Sunday, February 21, 2010

[Evening time, in the backyard, Kat sits on a lawn chair in the foreground, Wilson is heard behind his fence, tuning his collection of sub-Saharan ceremonial lutes.]

Kat: [Coming up to the fence.] Is that you, Wilson? [sonorous twanging from behind the fences comes to a halt.]

Wilson: Why, hi-dee-ho, neighbor Kat. I never expected to see you out here, what with the 90's being over and the sitcom "Home Improvement" surviving as little more than a dim cultural memory.

Kat: I know, I know. I don't think you guys are even on Nick at Nite yet.

Wilson: [Reassuringly] Mmhmm, mmhmm.

Kat: It's just...well, there's so much going on lately, and I don't know what to do.

Wilson: [Approaching the fence, leaving his nose and mouth comically obscured.] What seems to be the trouble, little neighborette? Problems at school? Don't know who to ask to that dance, or how to stand up to that bully?

Kat: No, nothing like that. It's just this thing with my hip. I'm having surgery on Thursday...and I'm a little...scared.

Wilson: Well, that's nothing to be ashamed of. Legend has it that the elders of the great Morobian tribe of Papua New Guinea would join hands around a fire the night before battle and howl at the sky to exhibit their manly and shameless fear of death. Their adversaries were known for attacking with the tusks of native island boars, introduced to the island by European tradesmen. Nobody likes the threat of evisceration by sharp, pointy objects neighbor Kat.
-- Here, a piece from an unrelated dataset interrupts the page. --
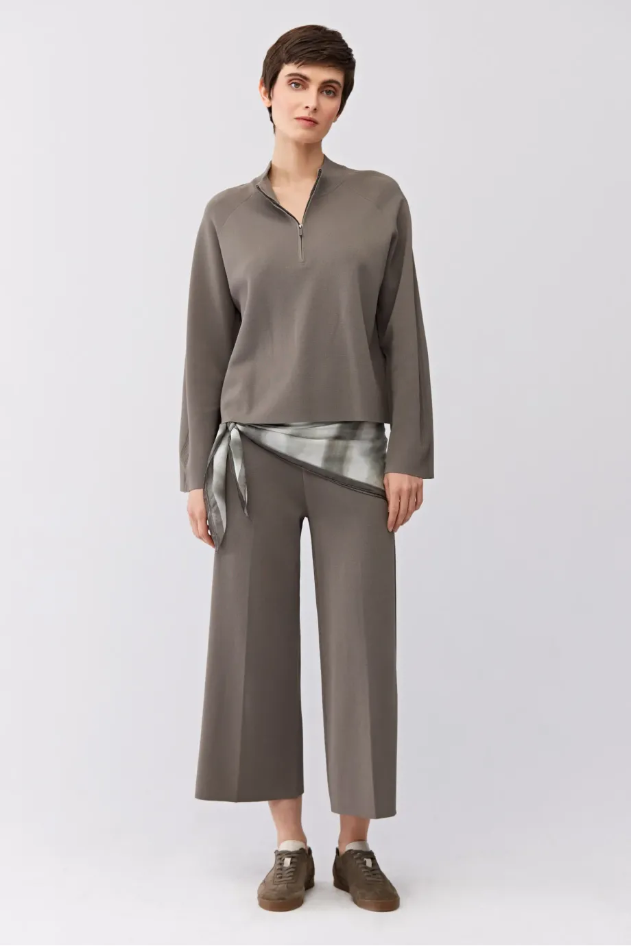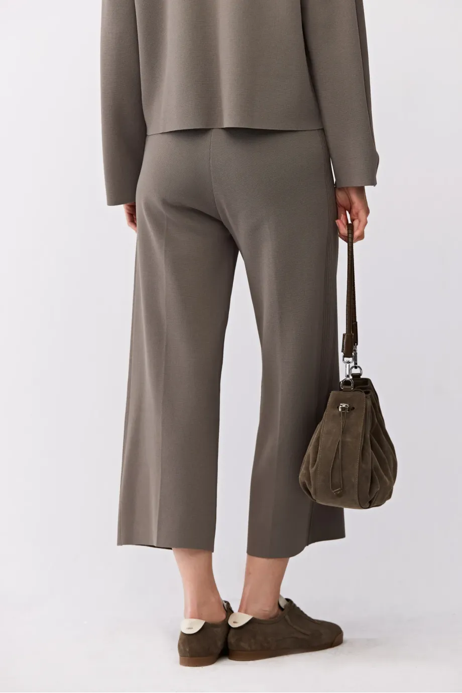 Pantaloni culotte din tricot. Crac drept cu bandă laterală, tricot moale care se adaptează siluetei. Culoare verde deschis. Pentru completarea setului este disponibil hanoracul din același material.

Kat: I'm not afraid of the surgery itself. I'm afraid that I won't ever feel complete again.

Wilson: Mmhmm...

Kat: Like, right now-- or with everything up until now- I've never really thought there was anything in the world that I would want to do, but be unable to do. I've never run a marathon, for instance, but I always thought that I could, if I ever had the time to train correctly and commit.

Wilson: A-ha...

Kat: Now, after I get this cartilage repaired, or if they have to just take it out, I might be limited. I might not even be able to jog again. Ever.

Wilson: Well, neighbor, as the old saying goes, "whenever fate closes a door, he opens a window."

Kat: I know, I know...and I'm looking forward to trying other sports that are a lot nicer on the joints. Buts that's part of the problem-- I never even knew I was in the room behind that door to begin with. I always really liked running, but I was never very good at it. I mean, if you're going to peak too soon, the peak might as well be a high one. I'm sitting on a molehill here.

Wilson: Interesting cross-idiomization.

Kat: Thanks. But do you see what I'm saying? I feel like I hurt myself doing something that I loved, but that wasn't grand in any other respect-- it didn't help anyone else, and I was bad at it. But it was part of what defined me and the thought that I might never be able to do it again is heart-wrenching sometimes. I don't know. I'm afraid that, when I do start working out again, I could just hurt myself. I'm afraid that I'll always feel broken, or like I could break at any second. And I'm afraid that I'll never stop thinking and obsessing about this one injury all the time.

Wilson: Well, the famous philosopher Descartes...

Kat: Wilson, if you mention any of the Meditations, I will be forced to feed you your own fisherman's hat.

Wilson: You're right. Too aphoristic, even for me.

Kat: [ grunts in agreement]

Wilson: What about "think outside the box?"

Kat: [disappointedly] Really? You did this every week for like, 8 years, and that's your runner up?

Wilson: Would you like to hear the tale of Riki-tiki-tembo-no-sa-rembo...?

Kat: That poor kid who falls down a well in that children's book? Are you crazy?

Wilson: It was a stretch. I was going for the whole "you're falling down your own well of self-generated doubt..." angle.

Kat: Yeah, too far.

Wilson: What about just "slow and steady wins the race?" I think that might work.

Kat: [after a pause.] Wow. I think you're right.

Wilson: Mmhmm...

Kat: Maybe I really do just need to take things one day at a time.

Wilson: I think so, neighbor. I think so.

Kat: And, until then, it's still okay if I act like the Bathrobians of Hamster New Guinea? And grab my fear by the tusks until it's bored with Europeans?

Wilson: In a manner of speaking, neighbor Kat, yes. In a manner of speaking.

Kat: And for the next couple of months I'll just deal with things as they come. Because eventually I can still win my own race. Thanks, Wilson.

Wilson: Anytime, neighbor Kat. Anytime. Welp, I'm off to go practice my bird calls and to dust my collection of authentic aboriginal didgereedoos. Going to a craft fair with Urkel and the two Frasier brothers. Have a nice night, and I hope everything works out.

Kat: 'Night, Wilson.

[Kat looks at her hip, pats it lightly with her hand, and slowly walks toward the house.]

[Scene fades out, and credits roll.]





And thanks to the rest of you, too...for all of the phone calls and visits. In a lot of ways, these past few months really haven't been so bad.